Logic does not rule the game, however. Leni declared that if Bongbong Marcos runs, she would run too. Doing so, however, will almost guarantee a Marcos win. This is the dilemma she has been grappling with.

Those crowding around Leni are predominantly idealists, questing for some “pure opposition” like this was a Holy Grail. Modern electoral politics, however, is increasingly a game of the number crunchers. Electoral campaigns have become a variant of data-driven marketing.

Isko Moreno, Bongbong Marcos, Ping Lacson and Manny Pacquiao are deep into this game. None will run away if Leni files.

All our post-Edsa presidential elections produced plurality presidents. The tightest contest happened in 1992 when Fidel Ramos took the prize with just 23 percent of the vote. This electoral round could produce an even smaller plurality.

Under the flawed constitutional order we operate under, we can never have a majority president. This is because we have a multiparty system without provision for a runoff vote. Every elected “minority” president can only govern by way of makeshift coalitions shaped by short-term interests. Therefore, every elected president needs to engage in transactional politics. Those coalitions unravel at the end of each electoral cycle.

This is a thoroughly idiotic way to have an electoral democracy. But we stubbornly refuse constitutional reform because the sitting politicians are invested in this disorder. We all operate in the framework of this democratic dystopia.

Even if Leni wins, she will have to transact her way to power. The traditional politicians will always win.

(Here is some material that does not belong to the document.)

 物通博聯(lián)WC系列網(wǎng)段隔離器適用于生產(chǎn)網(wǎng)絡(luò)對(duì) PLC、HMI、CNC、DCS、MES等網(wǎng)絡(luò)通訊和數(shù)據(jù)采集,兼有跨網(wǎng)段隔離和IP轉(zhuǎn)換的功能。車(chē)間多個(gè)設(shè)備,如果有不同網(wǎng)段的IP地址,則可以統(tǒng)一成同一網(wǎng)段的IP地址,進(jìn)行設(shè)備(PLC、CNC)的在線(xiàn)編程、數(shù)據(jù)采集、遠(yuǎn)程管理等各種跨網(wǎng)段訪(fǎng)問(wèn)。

But wait, there is more. If Leni decides to run and this becomes a game of small pluralities, this will be an invitation for Sara to come into the game and dominate it.

What an imperfect world we inhabit.

Patronage

Should, on the other hand, Leni decide to run for governor of Camarines Sur, it would be important for her to forge an alliance with Iriga City mayor Madelaine Alfelor.

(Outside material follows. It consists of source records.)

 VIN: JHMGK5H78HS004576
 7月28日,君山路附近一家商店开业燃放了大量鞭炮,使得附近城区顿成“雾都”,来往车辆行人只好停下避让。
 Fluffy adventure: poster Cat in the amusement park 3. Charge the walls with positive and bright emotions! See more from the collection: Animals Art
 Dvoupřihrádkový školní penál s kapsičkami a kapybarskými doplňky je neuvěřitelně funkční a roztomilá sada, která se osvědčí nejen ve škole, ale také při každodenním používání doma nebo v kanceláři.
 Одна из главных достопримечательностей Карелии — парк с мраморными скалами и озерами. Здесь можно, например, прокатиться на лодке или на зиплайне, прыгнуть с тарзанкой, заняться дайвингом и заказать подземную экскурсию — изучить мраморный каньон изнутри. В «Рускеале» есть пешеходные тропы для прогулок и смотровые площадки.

The lady mayor should have a large vote bank cultivated over years of extensive political patronage. Funding her patronage network, however, caused the filing of an impressive string of criminal and graft complaints.

One complaint was filed by the PNP-CIDG no less. It involves the case of cash subsidies from the social amelioration program for residents of Iriga distributed to non-residents. Three recipients, all from a neighboring town and all employees of an Alfelor-owned school, returned the cash subsidies because they were not qualified.

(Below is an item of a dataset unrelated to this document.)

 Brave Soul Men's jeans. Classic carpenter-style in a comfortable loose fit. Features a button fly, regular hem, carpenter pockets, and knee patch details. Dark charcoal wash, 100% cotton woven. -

The mayor’s own cousin, Christian Alfelor, earlier filed a complaint with the ombudsman for the undocumented disbursement of P14,188 in public funds. Christian’s brother, Emmanuel Alfelor, filed another case against the mayor at the ombudsman for violation of the Anti-Graft and Corrupt Practices Act for procuring P13.5 million worth of seeds without competitive bidding.

One barangay chairman wrote directly to President Duterte to complain about the mayor distributing social amelioration cards only to barangay leaders allied with her. One such barangay leader, Darcy Go, inserted three of his siblings, two nephews and a niece in the cash dole out even if they were among the wealthiest in the locality. In addition, she withheld the release of P6.48 million to two barangays as their share in the real property tax.

An administrative complaint was filed against the mayor for obtaining a P275-million loan from the LBP to build an amusement park featuring a large Ferris wheel. Another complaint for malversation involves P32.84 million in unliquidated cash advances. Yet another complaint involves P27.89 million. There are several other complaints involving P17.25 million and P14.19 million, respectively, for undocumented procurement transactions.

In addition, Mayor Alfelor faces a complaint for graft involving the release of P2.78 million in scholarship funds to only one beneficiary. In another one, she paid a basketball league P800,000 without the approval of the city council.

The mayor’s rather loose handling of taxpayer money was the subject of a public hearing of the House committee on good government last year. Testifying during that hearing were the three teachers who returned their cash subsidies to the DSWD.

No wonder, with her patronage war chest spilling over, the Iriga mayor is sought after for her command votes. Anyone running for provincial governor must deal with her.